2011: “Oh, you’re going to Branson?” I say to Doctor Dude as he puts electrodes on my chest. “I have a friend who works at Silver Dollar City. You should go there.”
“I will,” says Doctor Dude, and he starts the anesthesia. I can feel and taste it in my throat, it’s like sulphur, and I tell him so. “But yeah, Silver Dollar City…”
“What are you talking about?” asks A.
“Oh, Branson. I’m telling the doctor he should go to Silver Dollar City – ” Wait a minute. A. is here. “Did they start yet?”
“It’s already over,” A. says, and laughs at me. We get really giggly for a few minutes, and then my gastro comes in with pictures of my colon. Apparently it was remarkably clean in there.* She points out where she found some tiny bumps and clipped them out for testing, but it all looked nice and healthy.**
“So it looks like the drugs are working!” she chirps. A. and I giggle some more and she signs me out. I get dressed, the nurses walk me out to the car, and we go home. I’m not even sore. THE END.

TL;DR/In short? It went better than I could have hoped. The worst part was the prep.

And now, because I threatened it back when I first started this blog, and although I no longer possess a scanner, I am not deterred, ladies, gentlemen, and all the rest of you, the pics:


(Intestinal pics ahead.)
(They’re really not that scary.)
(In fact, they’re pretty blurry since this is a secondhand job.)
(And I also edited them a little bit.)
(But if colons are not your thing, no problem – you may want to skip the rest of this post.)
(Sorry, A.)


Hurray, it’s over.

* Damn you, prep.


2 thoughts on “The Big C (for real this time)

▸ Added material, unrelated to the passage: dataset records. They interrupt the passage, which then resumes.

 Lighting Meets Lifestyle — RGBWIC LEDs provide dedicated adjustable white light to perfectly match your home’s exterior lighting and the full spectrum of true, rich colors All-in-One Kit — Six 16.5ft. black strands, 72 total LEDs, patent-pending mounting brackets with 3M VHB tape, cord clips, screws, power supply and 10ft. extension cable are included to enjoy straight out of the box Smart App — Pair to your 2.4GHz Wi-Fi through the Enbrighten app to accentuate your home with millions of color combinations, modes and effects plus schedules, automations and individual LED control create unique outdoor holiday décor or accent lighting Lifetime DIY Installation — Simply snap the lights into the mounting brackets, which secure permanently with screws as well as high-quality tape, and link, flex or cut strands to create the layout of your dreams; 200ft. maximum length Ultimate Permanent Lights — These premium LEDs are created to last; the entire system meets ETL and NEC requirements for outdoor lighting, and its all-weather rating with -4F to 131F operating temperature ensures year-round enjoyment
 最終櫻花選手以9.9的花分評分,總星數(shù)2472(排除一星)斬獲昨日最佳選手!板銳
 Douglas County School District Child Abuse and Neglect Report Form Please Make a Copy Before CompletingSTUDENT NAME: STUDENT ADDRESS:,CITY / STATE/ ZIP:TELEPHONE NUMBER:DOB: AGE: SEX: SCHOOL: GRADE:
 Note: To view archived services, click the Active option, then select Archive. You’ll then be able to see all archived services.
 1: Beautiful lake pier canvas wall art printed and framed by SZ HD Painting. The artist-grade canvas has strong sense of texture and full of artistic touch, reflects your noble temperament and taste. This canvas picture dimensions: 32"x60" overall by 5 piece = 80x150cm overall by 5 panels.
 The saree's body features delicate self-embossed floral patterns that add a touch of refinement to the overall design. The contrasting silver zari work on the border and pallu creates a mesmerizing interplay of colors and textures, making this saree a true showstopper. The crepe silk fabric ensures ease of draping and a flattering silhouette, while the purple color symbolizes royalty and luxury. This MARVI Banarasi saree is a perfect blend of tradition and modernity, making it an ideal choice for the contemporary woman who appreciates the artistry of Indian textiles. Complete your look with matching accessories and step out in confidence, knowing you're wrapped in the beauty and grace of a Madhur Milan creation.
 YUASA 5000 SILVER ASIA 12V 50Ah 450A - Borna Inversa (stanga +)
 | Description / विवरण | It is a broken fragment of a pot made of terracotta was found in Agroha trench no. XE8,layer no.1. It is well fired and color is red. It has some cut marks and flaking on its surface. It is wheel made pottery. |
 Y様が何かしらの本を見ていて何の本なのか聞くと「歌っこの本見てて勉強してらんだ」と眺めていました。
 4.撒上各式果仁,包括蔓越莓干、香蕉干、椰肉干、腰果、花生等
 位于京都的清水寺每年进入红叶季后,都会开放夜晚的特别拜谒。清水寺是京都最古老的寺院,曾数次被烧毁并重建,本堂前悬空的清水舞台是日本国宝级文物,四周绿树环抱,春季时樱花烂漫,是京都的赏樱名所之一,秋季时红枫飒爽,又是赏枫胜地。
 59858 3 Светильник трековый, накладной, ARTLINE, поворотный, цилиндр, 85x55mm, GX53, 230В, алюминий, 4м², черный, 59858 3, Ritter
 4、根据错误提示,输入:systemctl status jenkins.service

  1. “…as quiet as a bowl of farina…” I think that wins the prize as Best Analogy Evah. Glad it went well, and what lovely innards you have. All shiny and orangey. Are they really orange, or is that the lighting? If they really are, you should tan less cause apparently it's soaking through.

    And did they really say “the Michael Jackson drug” ? Seeing as how he ended up, well, DEAD that's not exactly the bedside manner one might like ;)


  2. Hahaha, thanks! They really look that orangey, apparently – I knew I shouldn't have bought that George Hamilton spray-on formula.

    And yes – she really called the drug that! It was…awkward. A. gave me this look like, Baby, you know I can pull the car around right now, right?